Last week, Democratic leaders in the Senate caved to Sen. Joseph Lieberman’s demands and stripped away some major provisions from their health reform legislation, including the public option and a plan that would have allowed middle-age Americans to “buy in” to Medicare. With Connecticut independent Lieberman’s support seemingly secured — for the time being — the president announced that Congress was “on the precipice” of passing comprehensive reform.
But even without these controversial components, the Democrats’ bill would still put government in charge of nearly all Americans’ health care. Patients would have fewer choices in the insurance marketplace, and taxpayers would be on the hook for a multibillion-dollar expansion of the public health care system.
Ultimately, these moves will dramatically drive up the cost and worsen the quality of health care in America.

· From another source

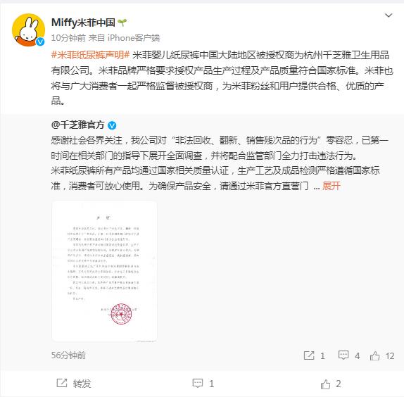 3月16日,Miffy米菲中国、千芝雅官方微博回应3·15晚会曝光翻新卫生巾及婴儿纸尿裤乱象。

A key element of the Democrats’ reform bill is an individual mandate, which would legally require people to purchase insurance. Starting in 2013, everyone would have to own a plan that met government specifications or pay a fine.
Proponents of such a mandate claim that it will broaden the insurance risk pool to include those who may not currently have insurance, which would eventually lead to lower premiums for everyone. Previously uninsured younger, healthy Americans would effectively subsidize older and less healthy patients.
Mandating everyone to dive into the insurance pool may seem like a good idea, but it represents a profound assault on individual freedom.
The federal government will decide what constitutes an acceptable benefit plan and what people pay for it. Government will also control how doctors are paid by insurance companies and, ultimately, how they practice medicine.
Congress does not legally force Americans to spend their own money on any other particular good or service — why should health insurance be any different?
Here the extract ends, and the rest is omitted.